-- How to complete this task --
Every line of the listing below from the one with "9月7日,服贸会国家会议中心展区,观众在购买新疆特色食品。新京报记者 浦峰 摄" up to and including the one with "ワンタッチで秤量・分注できる" should be retyped exactly, and nothing else; pictures are not part of the copy.

*** Supplied material Section Begins ***

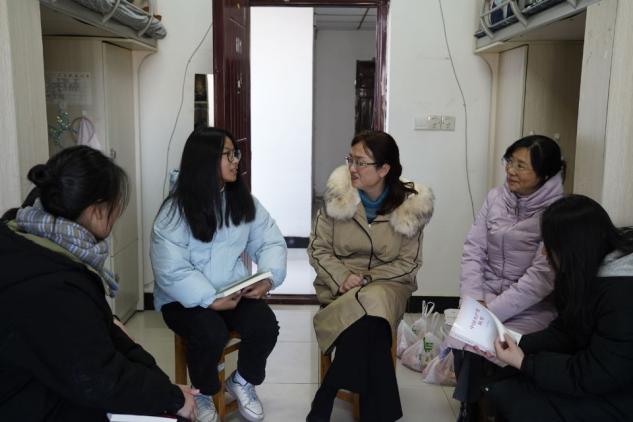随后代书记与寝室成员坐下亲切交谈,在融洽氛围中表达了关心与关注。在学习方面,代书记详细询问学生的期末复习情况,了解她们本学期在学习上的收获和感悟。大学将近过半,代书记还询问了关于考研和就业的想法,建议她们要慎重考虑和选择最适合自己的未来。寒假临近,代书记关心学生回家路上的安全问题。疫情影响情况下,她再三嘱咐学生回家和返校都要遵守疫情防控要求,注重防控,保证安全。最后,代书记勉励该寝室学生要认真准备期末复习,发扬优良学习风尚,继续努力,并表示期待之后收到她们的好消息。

*** Supplied material Section Ends ***
*** Supplied material Section Begins ***

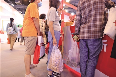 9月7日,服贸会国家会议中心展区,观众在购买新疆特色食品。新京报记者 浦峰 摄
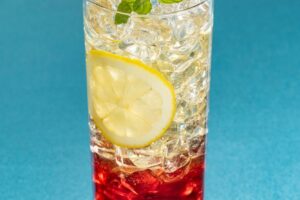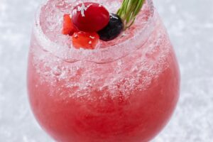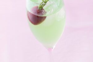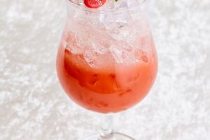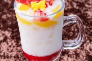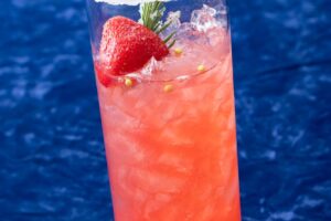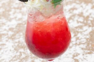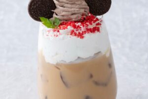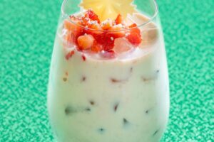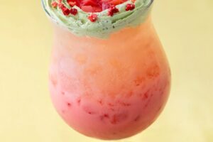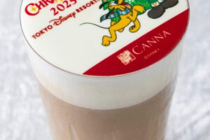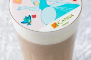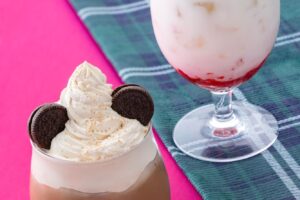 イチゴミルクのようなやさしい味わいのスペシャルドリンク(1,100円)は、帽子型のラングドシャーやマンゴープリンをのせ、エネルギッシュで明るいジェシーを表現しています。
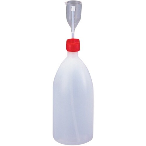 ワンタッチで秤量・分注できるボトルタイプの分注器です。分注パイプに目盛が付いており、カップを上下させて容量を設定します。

*** Supplied material Section Ends ***
*** Supplied material Section Begins ***

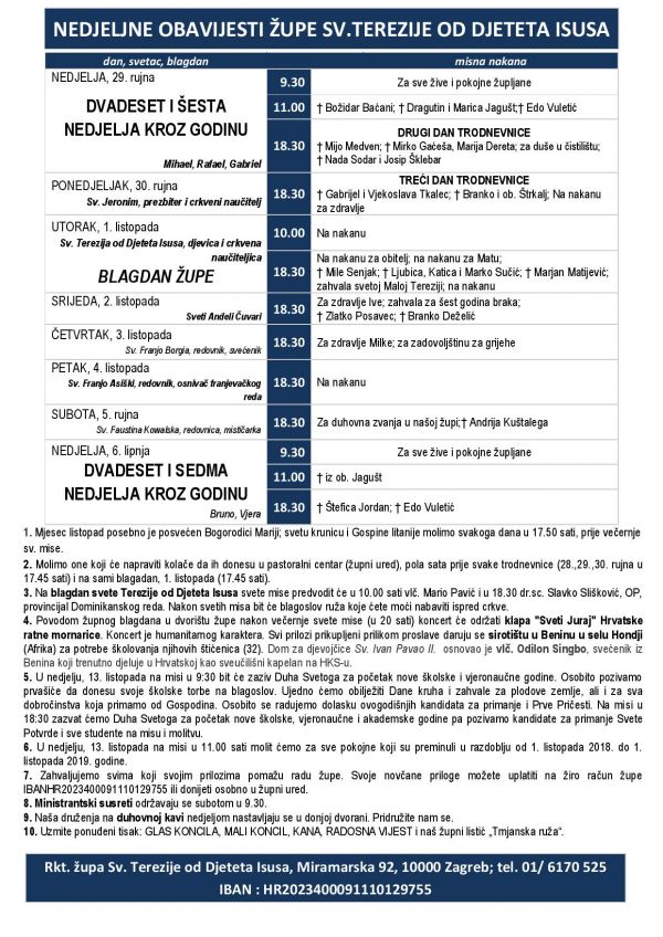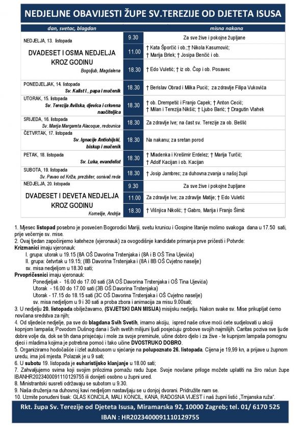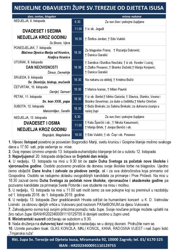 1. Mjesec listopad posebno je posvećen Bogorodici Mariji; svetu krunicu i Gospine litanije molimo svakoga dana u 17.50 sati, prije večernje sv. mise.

*** Supplied material Section Ends ***

-- Reply to the task --
 9月7日,服贸会国家会议中心展区,观众在购买新疆特色食品。新京报记者 浦峰 摄
 イチゴミルクのようなやさしい味わいのスペシャルドリンク(1,100円)は、帽子型のラングドシャーやマンゴープリンをのせ、エネルギッシュで明るいジェシーを表現しています。
 ワンタッチで秤量・分注できるボトルタイプの分注器です。分注パイプに目盛が付いており、カップを上下させて容量を設定します。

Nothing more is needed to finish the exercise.